As the official supplier of various nautical, signal, and measurement instruments to the Italian navy, in the second world war Panerai began producing diving watches which, with their distinctive winder protective clasp, became standard-issue tools for Italian Navy frogmen, SLC torpedo riders, and commandos.

Almost all their diving watches used movements and cases made exclusively by Rolex. The watches with Rolex movements only had hour and minute functions, as is still the case with today’s Panerai Base model.

The watch illustrated here is an extremely rare “Pre-Patent Marina Militare” Officine Panerai “Marina Militare” (Ref 6154) made in 1953 and still with its original water-repellent leather band and buckle. (It was sold at auction in 2005 for $74,750)

Aficionados of Panerai are known as “Paneristi”, a term coined along the lines of “Ferraristi”. Today, Officine Panerai belongs to the luxury goods conglomerate Richemont.

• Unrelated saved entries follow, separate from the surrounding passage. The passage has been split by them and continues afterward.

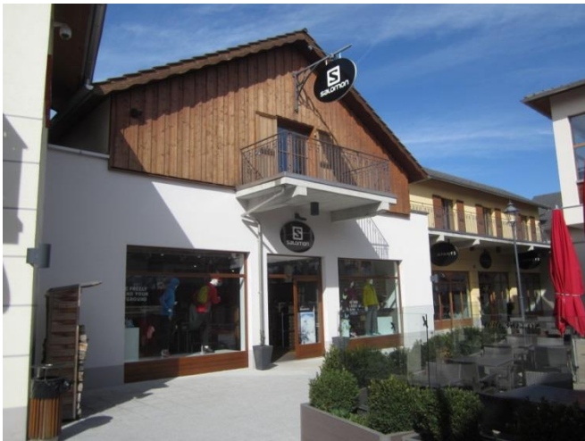
Fashion Outlet Landquart, Landquart (CH) VIA Outlets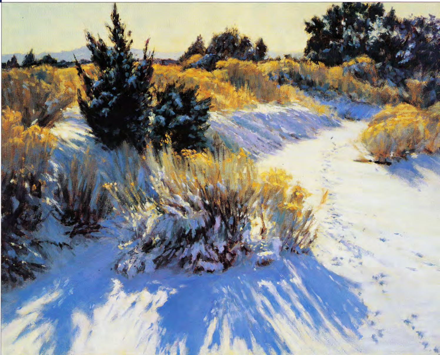
ABOVE: TRACKS IN THE ARROYO, OIL, 24 X 30. OPPOSITE PAGE: SANTO DOMINGO COUNTRY, OIL, 24 X 30.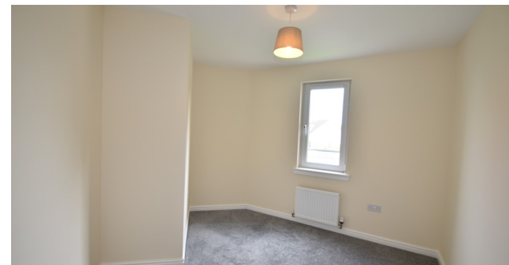
16 Crookston Court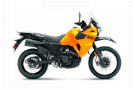
KLR 650 + ¥25,251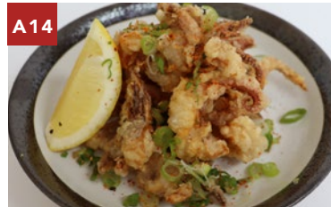
A14 IKA GESO KARAAGE - $8.5 FRIED SQUID LEGS WITH SPICY ASIAN MARINARA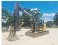
John Deere 135G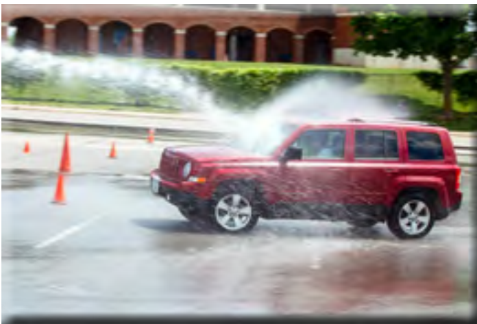
Driving on wet pavement and in heavy rain creates several driving hazards. This driver receives a heavy water blast to the windshield, much like a passing truck may send.

Thank you to the Salem Civic Center and Salem Fire Department, and our many dedicated volunteers.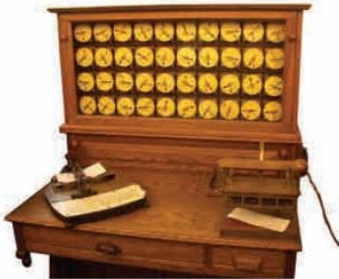
Fig. 2.5. Tabulating Machine

5. Tabulating Machines The tabulating machine is an electro mechanical machine designed to assist in summarizing information stored on cards. It was invented by Herman Hollerith.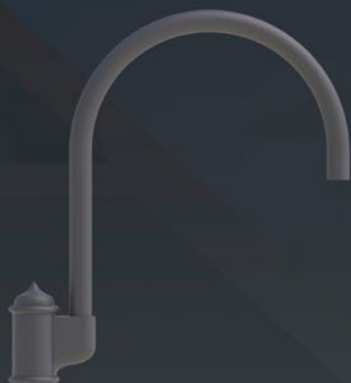
A 2 Single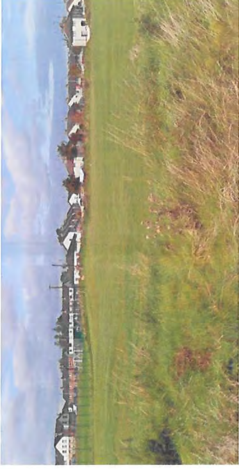
Moneymore Community Centre: Site View towards St.Laurence's Drive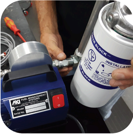
Step 1: Attach the fine filter assembly (male to female connection)

The TK-240 XT is shipping in multiple assembly pieces. Please follow the system assembly instructions below upon receiving the system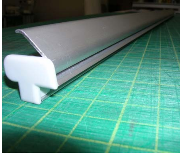
Step 2. Pry open bar

In The Gilded Seal, Tom wears a vintage Marina Militare when carrying out a daring high speed heist.

International Watch Corporation Mark 11 (1952)

IWC was founded in 1868 in the Swiss town of Schaffhausen, by American engineer and watchmaker Florentine Ariosto Jones. Jones had been a director of E. Howard & Co., in Boston, then America’s leading watchmaking company. His intention was to combine Swiss craftsmanship with modern American engineering technology to manufacture movements and watch parts for the American market.

The Mark 11 is considered by many to be one of the finest military watches ever produced. Made according to the strict 6B/346 specification laid down by the British Military of Defense (MoD), it was issued to navigators in both the RAF and later the Australian RAAF. Unusually, the watch was produced by both Jaeger-LeCoultre and IWC, albeit with their own movements and small differences in a few design features. IWC itself supplied Mark 11s from 1949 until 1983 when it was decommissioned, having gone through several iterations and developments.

The watches are housed in a stainless steel case and have a strong claim to be the first wristwatches in the world designed from scratch to be anti magnetic – they feature a very thick iron dial, which is cup shaped and so covers the side of the movement; the movement’s iron cover is similarly shaped and rises to meet the dial sides. This means that the movement is completely encased in a non magnetic “Faraday cage”, thereby providing a high degree of anti magnetic shielding.

The watch illustrated here was made in 1952, the original 1949 face having been redesigned to improve its visibility by replacing the 12 with an arrow and making the hour hand broader and shorter. It is known as a “no-T” variant, the T referring to the Tritium based luminous material used after 1963 and denoted (on RAF models) by a capital T in a circle on the lower watch face. The previous “no-T” variants such as the one shown here, used radium based luminous compounds which the MoD later realised posed a health risk to its officers.

In The Gilded Seal, Milo wears a “no-T IWC Mark 11.